By now, even if you’ve been camping out in the desert with a Bedouin tribe, the phrase ‘carbon footprint’ has probably infiltrated your psyche. It’s a term that’s come about because of the detrimental effects that human activity – particularly our unabated expulsion of greenhouse gases – is having on the environment. We all do this, so we all have a footprint. As a result, the polar ice caps are melting, water levels are rising and weather patterns are becoming increasingly freakish.
To reverse this worrying trend, experts are warning that we need to cut back on things like air travel to reduce our own impact. Tough for Abu Dhabi residents, as catching a plane is pretty much our only option for escaping the summer heat.
All might not be completely lost, however. Thanks to a relatively new initiative called carbon trading, we now have the option of paying to offset our emissions. This is something that originally started through allowances in the Kyoto Protocol, the amendment to the international treaty on climate change that limits each country’s greenhouse gas emissions, whereby a nation that is struggling to curb its emissions can buy credits from ones that have been more successful.
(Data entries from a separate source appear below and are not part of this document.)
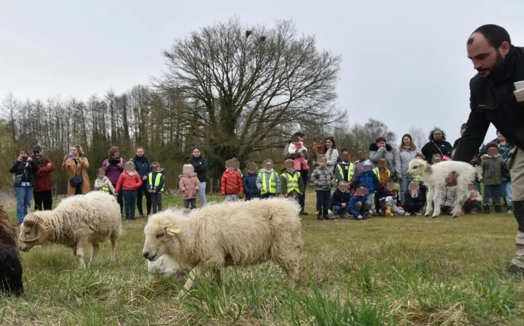 Les moutons ont été accueillis par élus, enfants, enseignantes et personnel communal. © Le Maine Libre
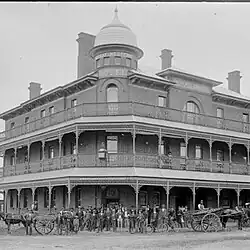 The venue was constructed in 1896 and initially named the Great Western Hotel. Its first publican was Myer Rosenweig.[6] By 1899 the licensee was with Mr. George West, an altercation that year made local headlines after he was charged with obstructing police from arresting patrons.[7][8] In 1906 it was in the hands of Mr. Chas Brewer,[5][9] and in 1907 in the hands of Mr. Bert Porter.[10]
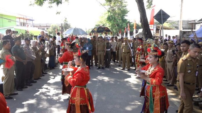Kedatangan rombongan tim penilai disambut dengan tarian selamat datang, dilanjutkan pengalungan dan penyerahan buket bunga yang diiringi dengan musik bambu. Sesampainya di kantor kelurahan, tim penilai mengikuti prosesi mombesara oleh tokoh adat setempat.
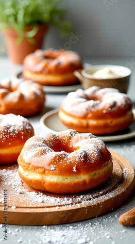 donut, caramel, powdered, sugar, baked, good, pastry, sweet, round, delicious, gold, sugary, tasty, dessert, food, appetising, treat, culinary, confectionery, brown, glazed, sprinkled, mouth-watering, deliciously, deliciously, sweetness, tempting, indulgent, bakery, pastry, cake, eat, eating
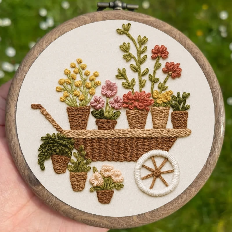 Rubbyoo Embroidery Kit - Blooming Flower Cart | Beginner-friendly Handicraft | Nice For Gifts
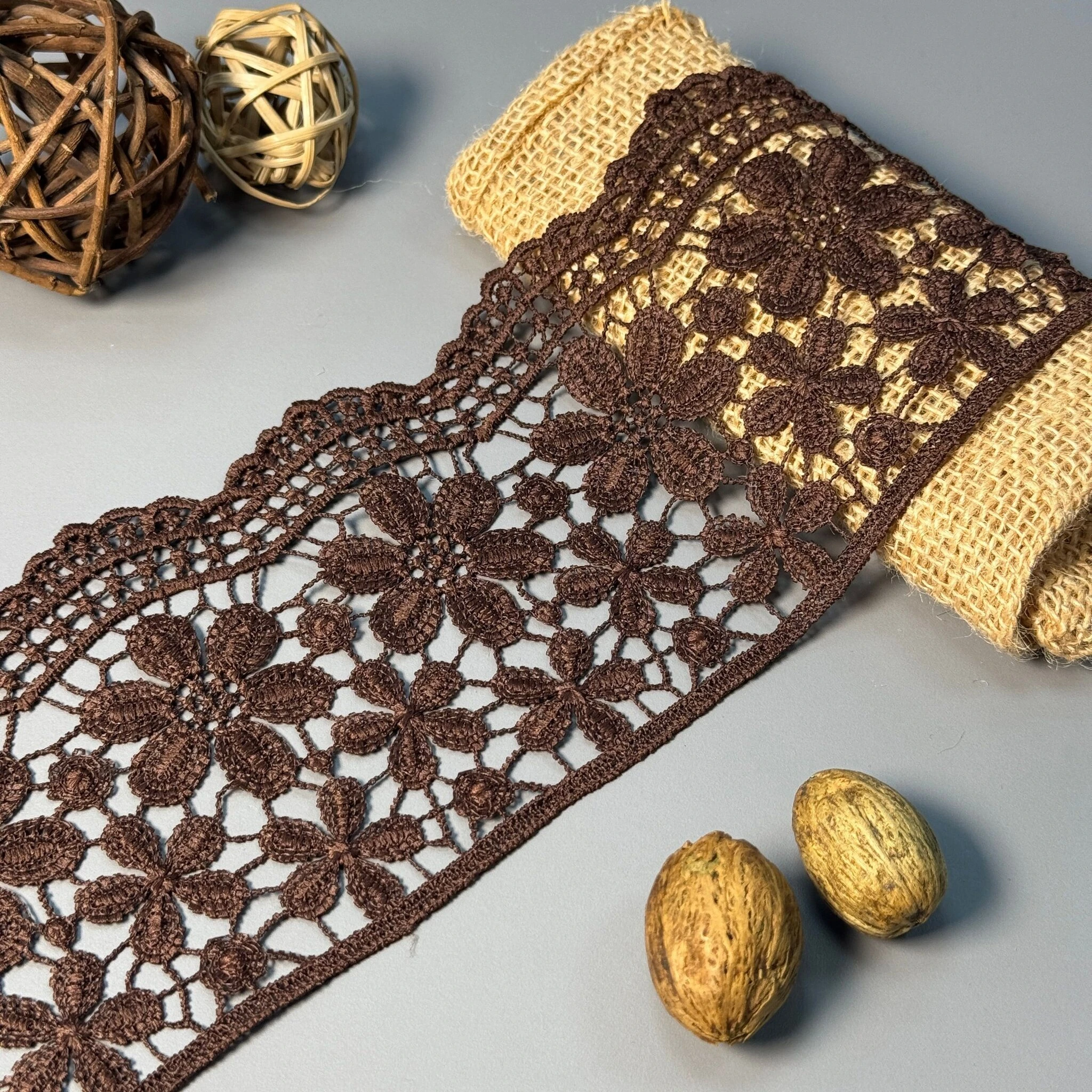 Мереживо поліестер – декоративний матеріал з синтетичного волокна, що відзначається високою зносостійкістю та стабільністю форми. Поліестер не схильний до деформацій, не розтягується і не мнеться, що робить мереживо придатним для частого використання.

Carbon trading has now evolved into a huge global business allowing pretty much anyone to join in. Organisations such as Ecosecurities and Carbonfund have been set up, the numbers have been crunched, and trading practices have been put in place. To offset your flight, all you need to do is enter your trip details into one of the many preprogrammed calculators, and you’re told how many miles your trip will be, how many tonnes of carbon dioxide it will produce, and how much cash you’ll need to invest in an Amazonian rainforest project (or similar) to make it all better.
It sounds good on paper, but the initiatives attract criticism. Some environmentalists are up in arms, because they say we’ll all develop a ‘pay-to-pollute’ mentality, and that it’ll discourage us from cutting back in other areas of our lives. Other detractors are concerned that there’s currently no way to effectively monitor the projects, such as tree planting, and that the market lacks transparency, which leaves it wide open to fraud and corruption.
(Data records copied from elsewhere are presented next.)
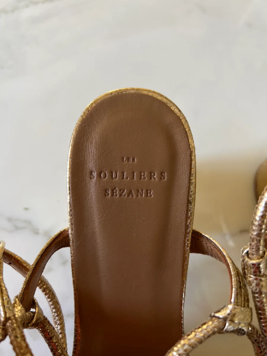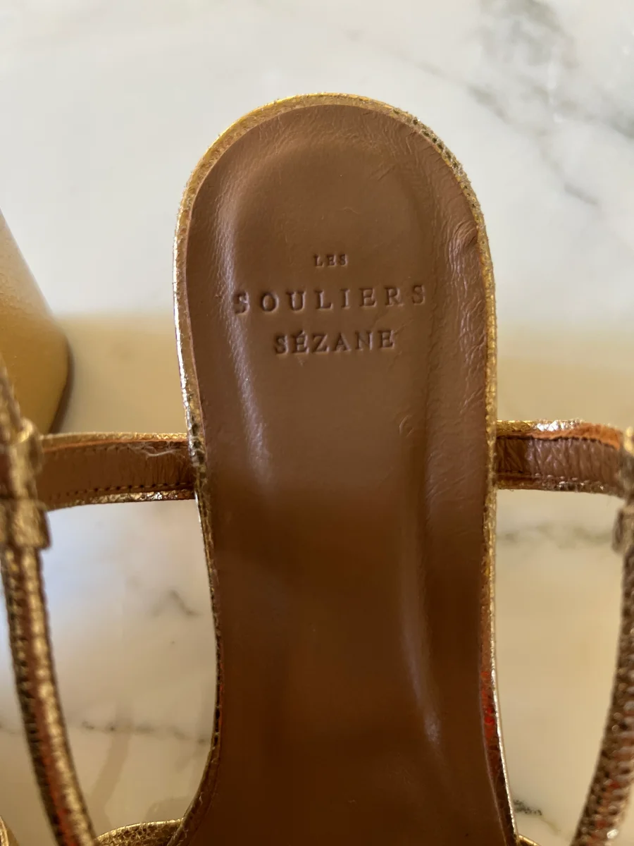 Très bon état comme neuves Marque : Sézane Modèle : Gloria Collection actuelle sur le site Hauteur des talons : 7cm Pointure 38 Prix d’achat estimé neuf 165€
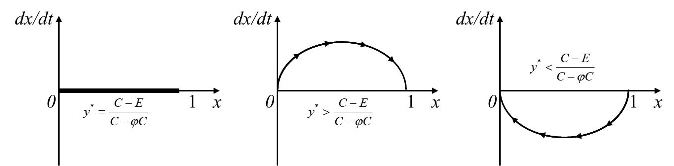Replicator dynamics phase diagram of the user population
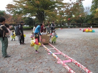今年は牛乳パックで作った線路の上をはち、あり、トンボのチームに分かれて電車ごっこ。
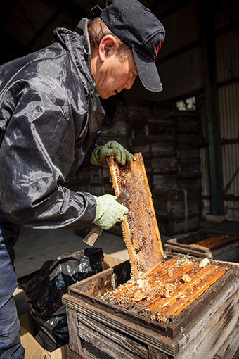 「養蜂家というのは、冬の花のない時期に餌を与えて養ってやって、花が咲き始めて蜜源が自然にあるようになると、蜂が子を産み始めて、蜜を溜め始めますよね。そうすると蜜の消費も多くなりますけど、それ以上に沢山の蜜を溜めます。採蜜は、その余った分を貰っとるのであって、蜂が必要としている分まで取ってしまえば、蜂が育ってくれんですもん」
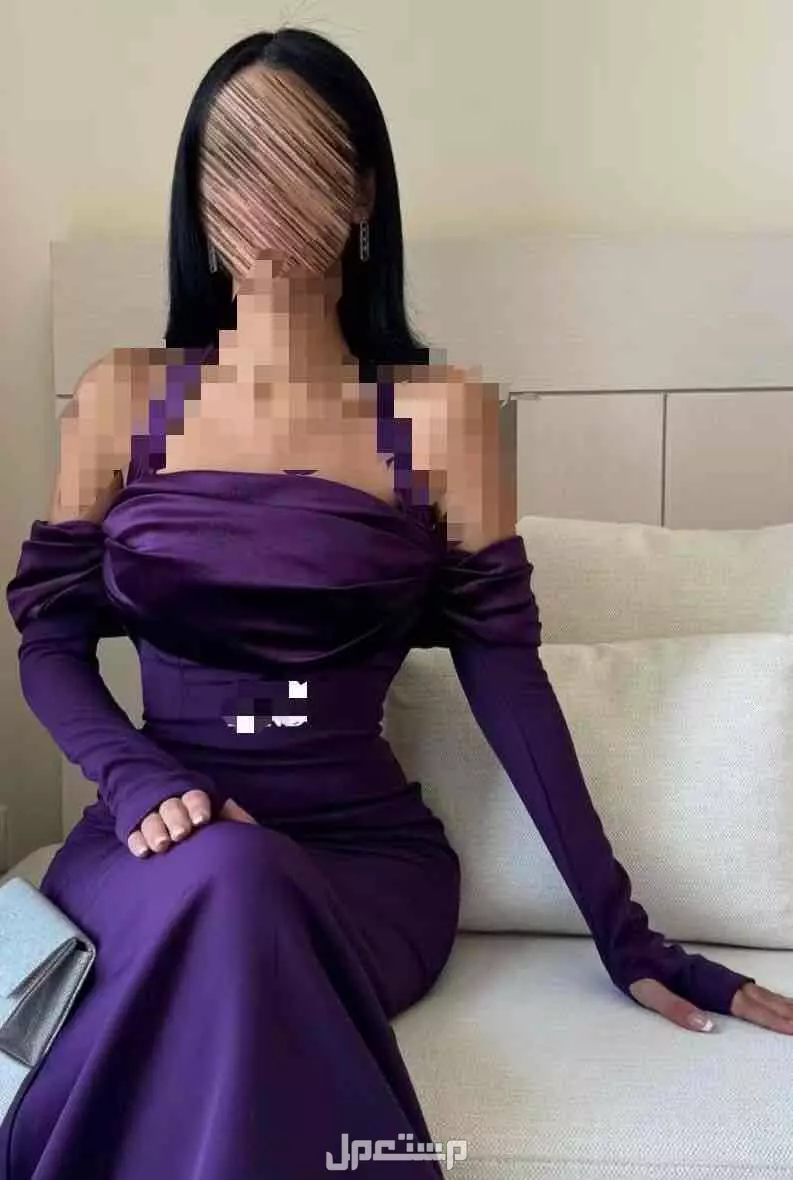 فستان سهرة بلون بنفسجي غني، بتصميم أوف شولدر (Off Shoulder) مع حمالات رفيعة تضفي توازنًا بين الجاذبية والنعومة.
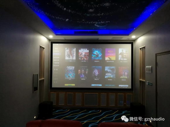 采用全隱藏安裝設計,前墻設計一個深65cm的柜子,前置左中右音箱、電子設備全部隱藏安裝在柜子里,采用透聲畫框幕;
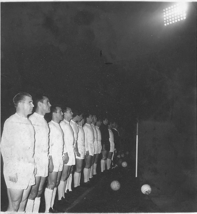 Here's the Madrid team lining up before the game, the legendary Ferenc Puskas nearest the camera
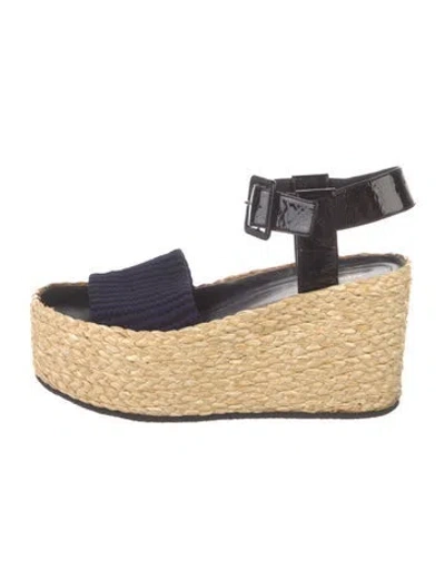 Celine Espadrilles Blue Straw & Patent Leather Trim Platform Buckle Closure at Ankles | Celine Espadrilles in Blue, Women's IT 40 | 10
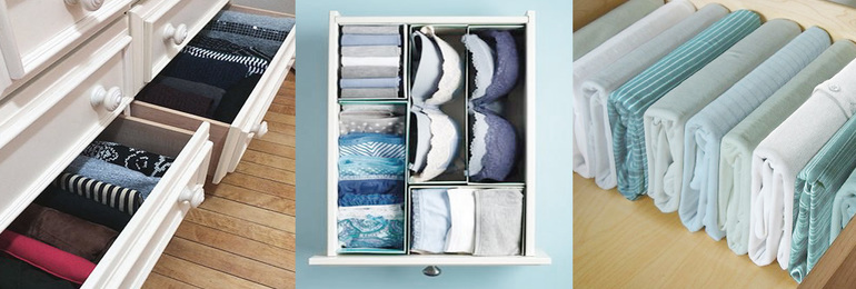 В таком виде белье принадлежности занимают очень мало места, аккуратно смотрятся и легко извлекаются. Если вам не страшны заломы, то этот вариант для вас:
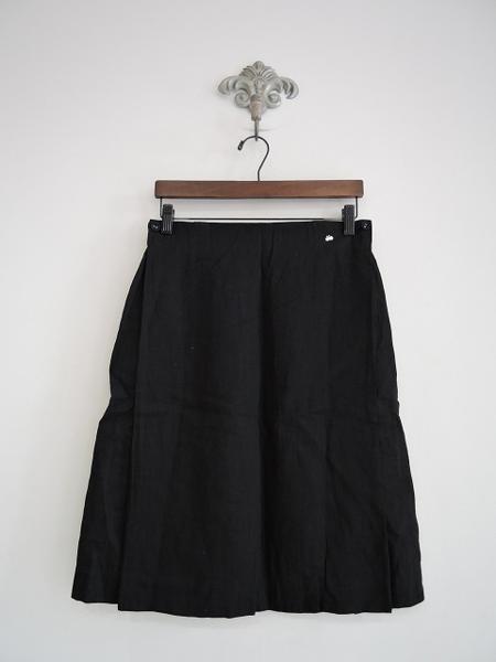 デザイン:mina perhonen「Nordic」のリネンスカートです。カラーはブラックで、やや薄手生地であしらわれております。ウエストはバックがゴムになっており、フロント両サイドにボタン付きです。裏地付きで、本体価格32,000円の商品です。 (掲載写真は、実商品のカラーにできるだけ近づけるよう努力はしておりますが、お使いのモニターや画面設定等によっては、色が異なって見える場合もございますので、予めご了承下さい)

The good news is that airlines are also working on environmental schemes. ‘We have an online facility where passengers can trade in their frequent flyer miles and offset them for carbon emissions,’ a spokesperson from Etihad was able to tell us. ‘It’s something that is important to us, and we will get more into it.’
At the end of the day, it’s up to you. If you’re interested in carbon offsetting, the first thing to do is make sure that the company or organisation you use is reputable and that the project that they will invest your money in is sustainable. And don’t forget the day-to-day things – like switching off unused lights and appliances while you’re out of the house. Every little bit helps.